Since this question is about telepathy, I'll focus on just that and also use the definition that it is,
... the transmission of information from one person to another without
using any of our known sensory channels or physical interaction.
First, the major scientific criticisms generally boil down issues with the following points:
To address the first point, experimental design is a major concern when any tests for telepathy are examined since they must be controlled in such a way that the observer-expectancy effect is controlled for. Any tests also need to be conducted in such a way that subconscious cues to the subject are controlled for to prevent the "Clever Hans effect" or cold reading.
Lack of a model as to how telepathy would work is actually a major problem for any proper study for telepathy since it exposes the experimenter to criticism if you try to explain null results as being due to the subject being in the wrong state of mind or out growing their abilities (Horn, 2009). This exposes testing to major issues with reproducibility and lack of reproducibility previously positive results can easily be explained as problems with the experimenter or attempts to defraud the experiment as opposed a potential explanation for why telepathy might not present on a consistent basis in laboratory conditions.
Ultimately, Joseph Banks Rhine is likely one of the few scientists to have studied telepathy in controlled environments that might have presented some evidence of an effect (Rhine, 1964); however, even his work has been subject to major criticism and generally his work is dismissed by most skeptics. The extent of his research does raise an interesting point though that relates back to the lack of a working model: namely, is it even possible to dismiss unreproducible experiments on the basis of a single experiment or are multiples needed before results can safely be dismissed? This does raise the issue of publication basis though since a researcher can be accused to not publishing null results while someone that is seeking to reproduce the results could be accused of the same by not publishing positive results.
In conclusion the best we can really say is that there is weak evidence that there might be telepathy; however, there is a lack of explanation of how it could occur or that Littlewood's law1 isn't at play during experiments and lack of reproducibility ensures that the current scientific consensus is that telepathy likely does not exist. However, this is not to say that "synthetic telepathy" is not possible since brain-computer interfaces are in development that mimic what people generally think of when they define telepathy.
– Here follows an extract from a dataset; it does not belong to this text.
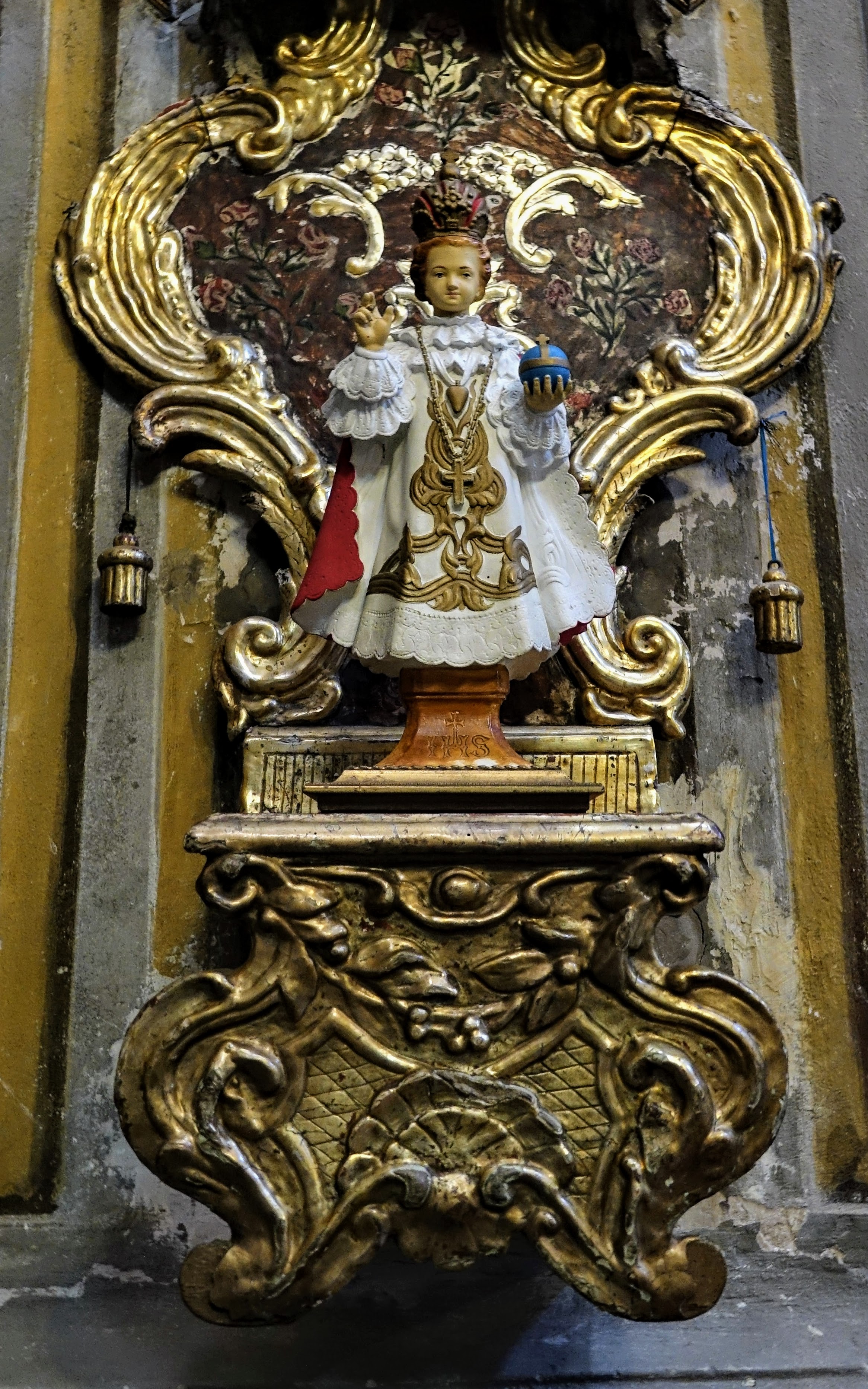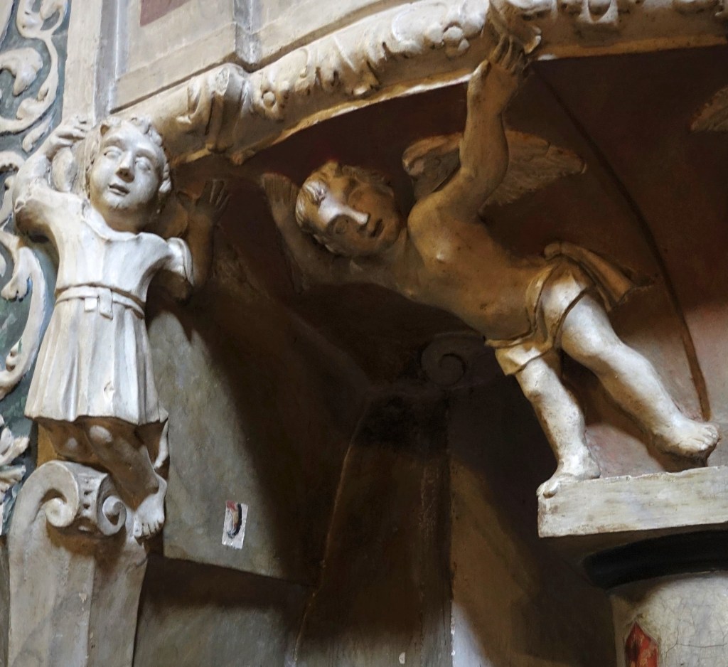 Nous faisons quand même un petit tour à l’église baroque, ex-cathédrale Saint-Erasme, admirant l’envol de deux anges baroques, souriant du luxe avec lequel on a habillé un poupon figurant l’enfant Jésus ; je vois surtout ses belles manchettes brodées et je me demande quelle vieille femme pieuse lave et repasse ce vêtement.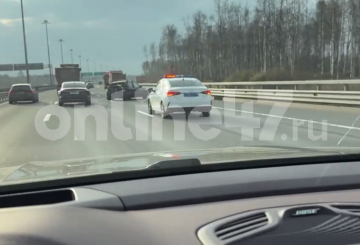 На кадрах, попавших в распоряжение Online47, можно увидеть, как ДТП спровоцировало временные трудности для движения: на одной из полос стоят разбитая легковушка и полицейский автомобиль, а на другой - фура мигает «аварийкой».

That said, one of the statistical meta studies linked in the accepted "No" answer had the following to say:
The recent focus on meta-studies in parapsychology has revealed that
there are small but constantly non-zero effects around studies,
experimenters and laboratories. The sizes of the effects in
forced-choice studies appear to be comparable to those reported in
some medical studies that had been herald as breakthroughs.
Which can be taken to imply many different things; however, their conclusion also serves as a good one for this answer as well,
If ESP does not exist, there is little to be lost by erring in the
direction of further research, which may in fact uncover other
anomalies. If ESP does exist, there is much to be lost by not doing
process-oriented research and much to be gained by discovering how to
enhance and apply these abilities to important world problems.
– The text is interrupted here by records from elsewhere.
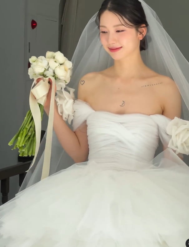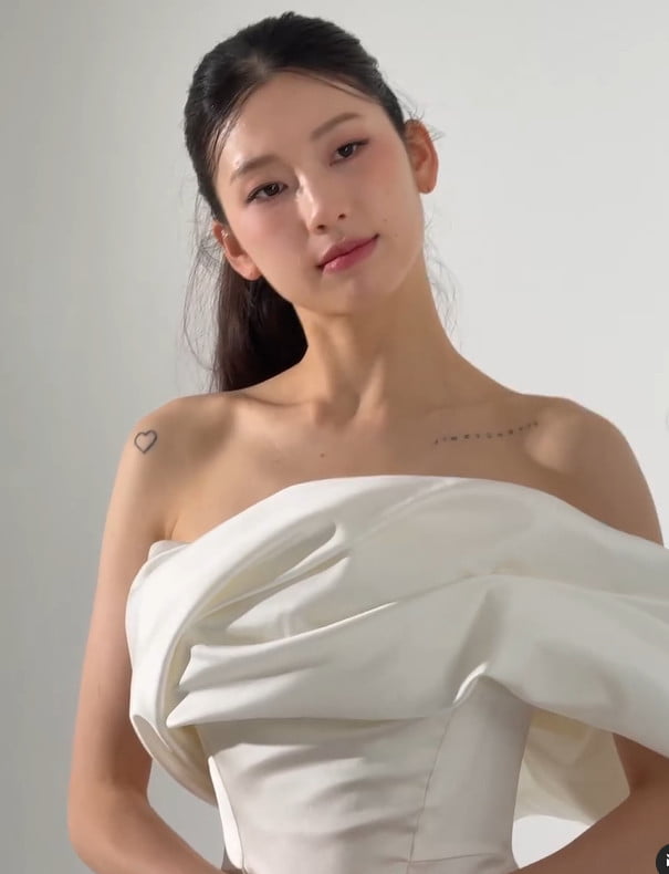 공개된 게시물들 속에서 김진경은 화이트 웨딩드레스부터 시작해 다양한 복장을 착용한 채 사진 촬영에 임하고 있는 모습. 특히 어깨와 쇄골 그리고 가슴 라인과 목 뒤 등 신체 여러 부위에 타투들을 새긴 상태를 보여 보는 이들의 시선을 사로잡았다.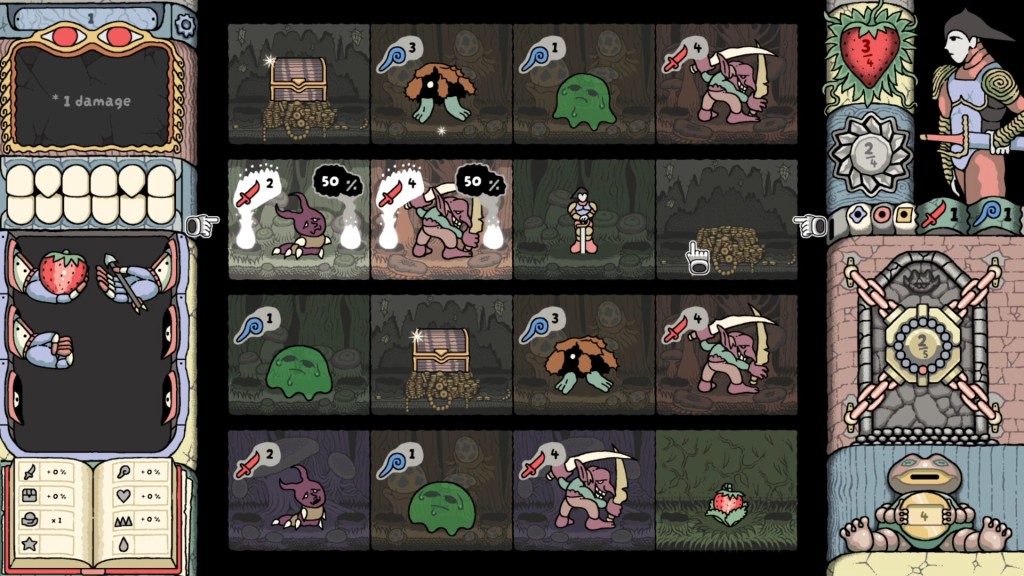 However, you can manipulate the probabilities with upgrades that, for example, increase the chance of landing on a treasure chest square. Plus there are collectible items that do things like wipe out all of the enemies on one row, and there’s a rechargable sun icon that lets you select a column rather than a row. It’s all very clever, and had me scratching my head trying to work out the optimum move, while the element of chance gave a frisson of excitement to every click. There’s a demo on Steam, give it a try yourself!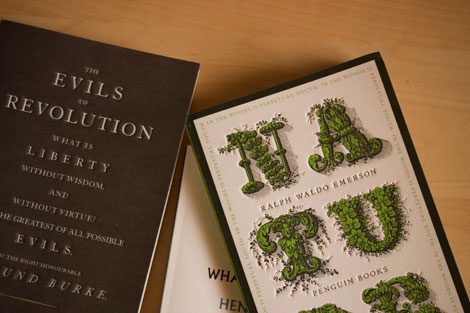 Acaban de llegarme unos cuantos libros de la serie Great Ideas de Penguin: los encargué aprovechando lo mucho que me gustaba el diseño que hizo David Pearson para esta colección. Me pongo con The Evils of Revolution.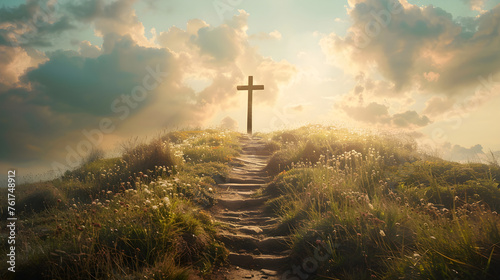 Path with stairs leading to Christian cross on hill, symbol of faith and hope, perfect for religious events and celebrations

Horn, Stacy (2009). Unbelievable: Investigations into Ghosts, Poltergeists, Telepathy, and Other Unseen Phenomena, from the Duke Parapsychology Laboratory. New York, NY: HaperCollins Publishers.
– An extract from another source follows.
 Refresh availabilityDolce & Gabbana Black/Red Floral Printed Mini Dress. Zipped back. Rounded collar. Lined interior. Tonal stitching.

Rhine, J.B. (1964). Extra Sensory Perception. Boston, MA: Branden Publishing Company.
Rhine, J.B., Pratt, J.G., Stuart, C.E., Smith, B.M., Greenwood, J.A. (2011). Extra Sensory Perception After Sixty Years: A Critical Appraisal Of The Research In Extra Sensory Perception. New York, NY: Henry Holt.
- Littlewood's law, or adage, states that an individual can expect to experience "miracles" at the rate of about one per month.